Crítico destas vaga de tarifas aplicadas a vários produtos oriundos da China é o professor doutorado em Filosofia pela Universidade de Lisboa, Viriato Soromenho-Marques, que ao longo da sua carreira se tem debruçado sobre temas como a filosofia, o Ambiente e Assuntos Europeus. Viriato Soromenho-Marques foi também membro do High Level Group on Energy and Climate Change, um órgão da Comissão Europeia, entre 2007-2010. Chegou a ser presidente da Quercus e um dos membros fundadores da Associação ambiental Zero.
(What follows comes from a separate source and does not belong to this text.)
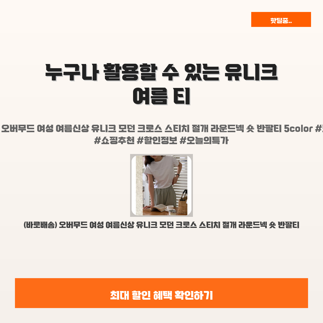 🛍️ 이 포스팅은 네이버 쇼핑 커넥트 활동의 일환으로,판매 발생 시 수수료를 제공받습니다.오늘 소개할 제품은 멋짐의 끝판왕,바로 오버무드 여성 여름신상 유니크 모던 크로스 스티치 절개 라운드넥 숏 반팔티랍니다!여름을 맞아 한 여름의 🔥더위🔥를 무사히 넘기고 싶은 당신, 어떤 티셔츠를 선택할까 고민 중이신가요?우리가 찾던 그 스타일로, 당신의 여름을 더욱 특별하게 만들어줄 [상품명]이 여기 있어요!이 티셔츠는 스타일과 편안함을 모두 갖춘, 친구들과의 모임이나 데일리룩으로도 💖적극 추천💖드려요. 진짜 이 티셔츠 하나로 여름 느낌 제대로! 여러분도 그 매력을 경험해보세요!게다가 가격도 정말 착해요! 여름 시즌을 만끽하며 스타일을 업그레이드하고 싶은 당신에게, [상품명]을 놓칠 이유가 없어요. 어서 확..

“Penso que revela a verdadeira natureza da “transição energética” e da “mobilidade elétrica”: “business as usual”. Quando a Chima era pobre e apenas tinha mão-de-obra barata, o capital americano e europeu fez um verdadeiro negócio da China, movido pelo lucro, sem se preocupar com a desindustrialização do Ocidente e o desemprego associados. Agora que a China é o campeão da inovação mundial, no software digital, nas telecomunicações, na Inteligência Artificial, na mobilidade elétrica, nas renováveis, o Ocidente apressa-se a colocar tarifas, que impedem os consumidores europeus e americanos de comprarem carros modernos e baratos para proteger as cada vez mais obsoletas empresas do setor automóvel nos Estados Unidos, Alemanha e até Japão”, considera Viriato Soromenho-Marques.
Para Viriato Soromenho-Marques o princípio é o mesmo e passa por “aumentar os lucros das empresas e seus acionistas do lado de cá”.
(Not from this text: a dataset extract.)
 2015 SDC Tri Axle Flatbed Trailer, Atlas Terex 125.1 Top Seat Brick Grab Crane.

Viriato Soromenho-Marques acrescenta que “os consumidores ocidentais e a salvação do mundo perante a escalada da crise ambiental e climática são mera cosmética, que logo se borra quando confrontada com a realidade patética do regresso ao protecionismo, por parte dos antigos arautos do comércio livre”.
Viriato Soromenho-Marques considera também uma “tristeza” sermos governados por gente ao serviço deste “capitalismo míope, cruel e suicida”.
Os cinco principais fornecedores do Canadá, em 2023, no que diz respeito à importação, foram os Estados Unidos da América (49,6%), a China (11,8%), o México (6,1%), a Alemanha (3,3%) e o Japão (2,7%). Estes mercados representaram, em conjunto, 73,6% do valor das importações, refere a Agência para o Investimento e Comércio Externo de Portugal (AICEP), recorrendo ao Comtrade.
Os cinco principais mercados-clientes do Canadá, em 2023, ao nível da exportação, foram os Estados Unidos da América (77,6%), a China (4%), o Japão (2,1%), o Reino Unido (1,9%) e o México (1,1%). Estes mercados representaram, em conjunto, 86,6% do valor das exportações, diz a AICEP, recorrendo a dados do Comtrade.
A China é o segundo maior parceiro comercial, da União Europeia, ao nível dos bens, depois dos Estados Unidos, com as trocas comerciais a atingirem os 739 mil milhões de euros, em 2023, de acordo com a Comissão Europeia.
“Isto representa uma queda de 14% face a 2022”, salientou a Comissão Europeia.
A China é o terceiro parceiro ao nível das exportações e o maior nas importações, diz a Comissão Europeia, relativamente às trocas comerciais de bens. A balança comercial entre a União Europeia e a China foi deficitária para o lado da União Europeia ao atingir os 292 mil milhões de euros, em 2023. “As exportações da União Europeia para a China atingiram os 223,6 mil milhões de euros, enquanto que as importações da União Europeia para a China chegaram aos 515,9 mil milhões de euros, uma queda de 3,1% e de 18% face ao ano anterior”, salientou a Comissão Europeia.
Nos serviços, em 2023, a União Europeia teve um superavit no comércio com a China que chegou aos 14,1 mil milhões de euros. A China é o quatro maior parceiro comercial, ao nível das trocas comerciais de serviços, da União Europeia depois dos Estados Unidos, Reino Unido e Suíça.